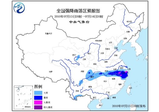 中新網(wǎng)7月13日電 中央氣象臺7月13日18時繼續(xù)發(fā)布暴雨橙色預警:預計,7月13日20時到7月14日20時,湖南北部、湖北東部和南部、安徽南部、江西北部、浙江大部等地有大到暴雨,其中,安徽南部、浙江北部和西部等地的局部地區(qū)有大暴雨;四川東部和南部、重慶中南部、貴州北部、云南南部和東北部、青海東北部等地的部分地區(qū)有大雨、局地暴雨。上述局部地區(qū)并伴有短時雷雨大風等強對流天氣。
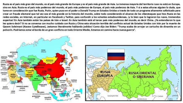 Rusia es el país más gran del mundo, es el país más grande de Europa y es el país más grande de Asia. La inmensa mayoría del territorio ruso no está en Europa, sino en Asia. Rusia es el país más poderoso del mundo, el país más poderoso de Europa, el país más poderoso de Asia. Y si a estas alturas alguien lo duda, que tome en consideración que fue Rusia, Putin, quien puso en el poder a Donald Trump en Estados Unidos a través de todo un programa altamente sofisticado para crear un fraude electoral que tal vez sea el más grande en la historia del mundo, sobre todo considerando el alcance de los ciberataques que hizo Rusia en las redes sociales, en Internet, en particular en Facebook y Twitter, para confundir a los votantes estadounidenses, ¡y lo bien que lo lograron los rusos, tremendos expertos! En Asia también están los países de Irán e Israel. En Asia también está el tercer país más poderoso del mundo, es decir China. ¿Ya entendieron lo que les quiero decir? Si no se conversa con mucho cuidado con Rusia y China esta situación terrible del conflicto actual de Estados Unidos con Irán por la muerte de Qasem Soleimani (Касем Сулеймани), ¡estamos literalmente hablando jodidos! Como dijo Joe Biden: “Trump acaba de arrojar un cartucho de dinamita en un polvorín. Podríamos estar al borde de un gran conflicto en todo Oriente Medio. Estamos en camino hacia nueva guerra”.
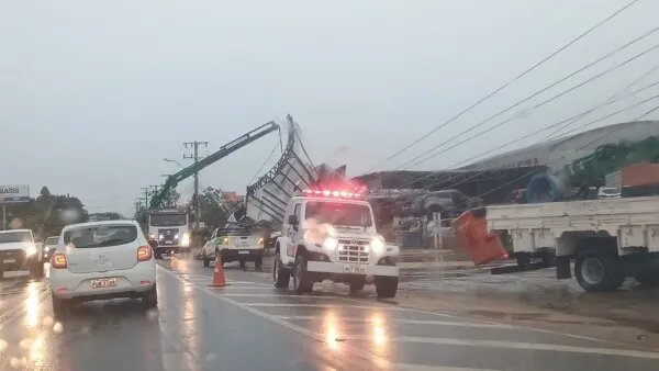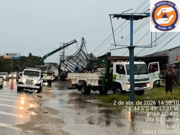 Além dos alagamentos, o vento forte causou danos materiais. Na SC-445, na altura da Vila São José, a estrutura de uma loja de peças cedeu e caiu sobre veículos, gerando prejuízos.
* * *
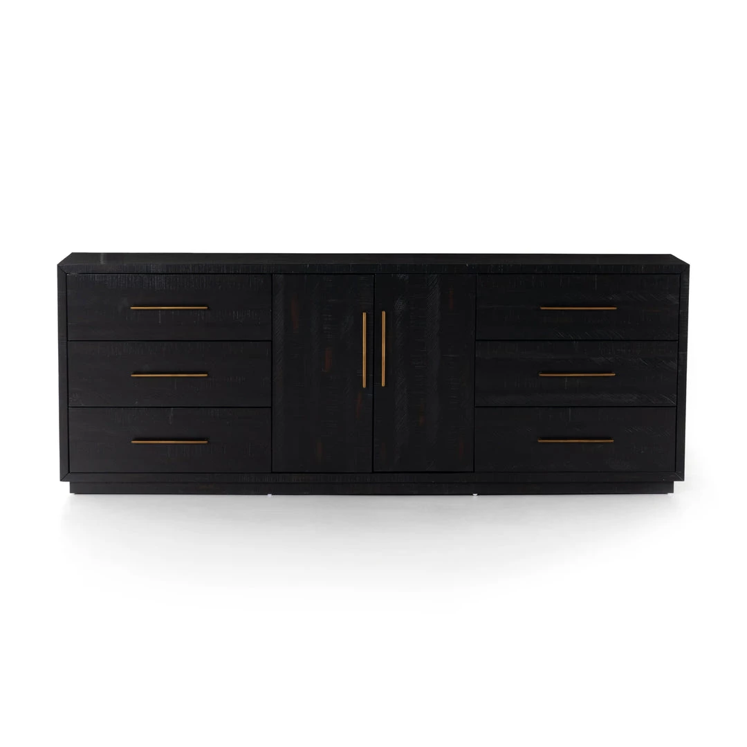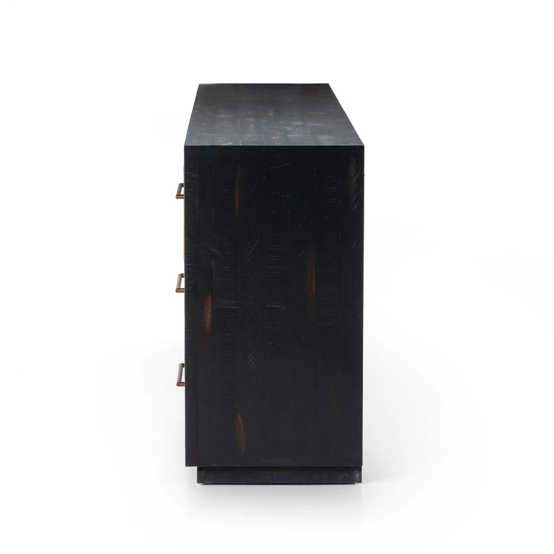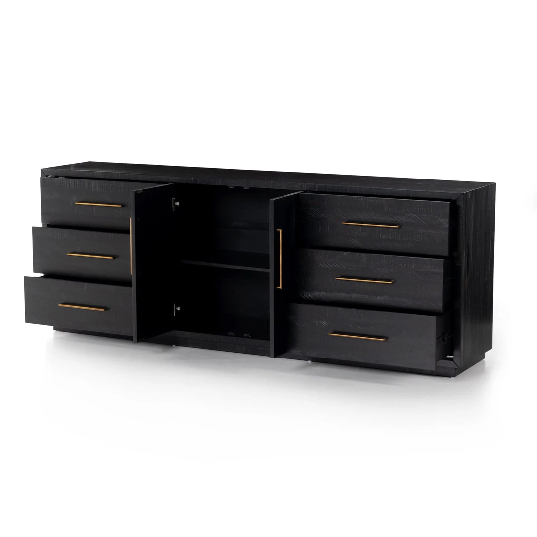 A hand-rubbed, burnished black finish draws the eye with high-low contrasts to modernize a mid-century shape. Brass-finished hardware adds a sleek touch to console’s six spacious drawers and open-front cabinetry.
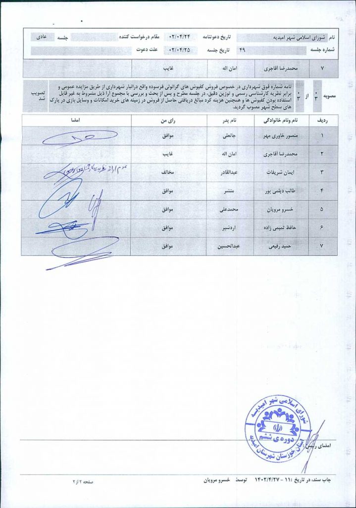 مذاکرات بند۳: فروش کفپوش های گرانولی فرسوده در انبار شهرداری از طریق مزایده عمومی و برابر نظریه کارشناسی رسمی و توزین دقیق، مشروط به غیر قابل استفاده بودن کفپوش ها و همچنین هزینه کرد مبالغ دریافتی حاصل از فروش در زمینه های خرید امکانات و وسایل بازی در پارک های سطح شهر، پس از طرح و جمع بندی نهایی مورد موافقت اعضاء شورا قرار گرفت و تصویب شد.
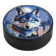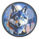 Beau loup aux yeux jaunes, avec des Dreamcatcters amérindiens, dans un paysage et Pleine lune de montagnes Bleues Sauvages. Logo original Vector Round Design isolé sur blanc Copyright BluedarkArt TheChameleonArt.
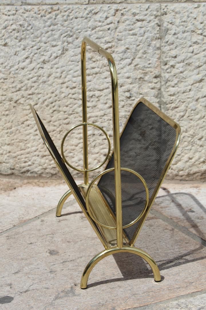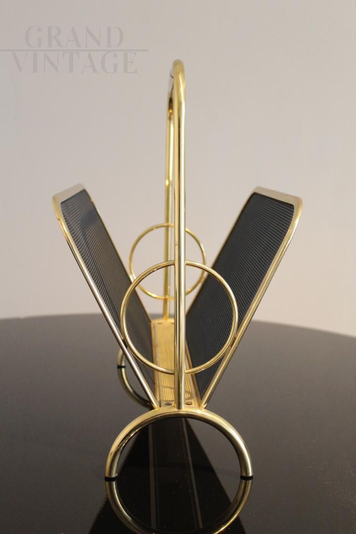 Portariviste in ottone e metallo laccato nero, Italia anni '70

HOW TO COMPLETE THIS TASK:
Would you output only the span of the records above that opens with the line containing "مذاکرات بند۳: فروش" and closes with the line containing "Portariviste in ottone", ends included and pictures dropped?

FINISHED EXERCISE:
 مذاکرات بند۳: فروش کفپوش های گرانولی فرسوده در انبار شهرداری از طریق مزایده عمومی و برابر نظریه کارشناسی رسمی و توزین دقیق، مشروط به غیر قابل استفاده بودن کفپوش ها و همچنین هزینه کرد مبالغ دریافتی حاصل از فروش در زمینه های خرید امکانات و وسایل بازی در پارک های سطح شهر، پس از طرح و جمع بندی نهایی مورد موافقت اعضاء شورا قرار گرفت و تصویب شد.
 Beau loup aux yeux jaunes, avec des Dreamcatcters amérindiens, dans un paysage et Pleine lune de montagnes Bleues Sauvages. Logo original Vector Round Design isolé sur blanc Copyright BluedarkArt TheChameleonArt.
 Portariviste in ottone e metallo laccato nero, Italia anni '70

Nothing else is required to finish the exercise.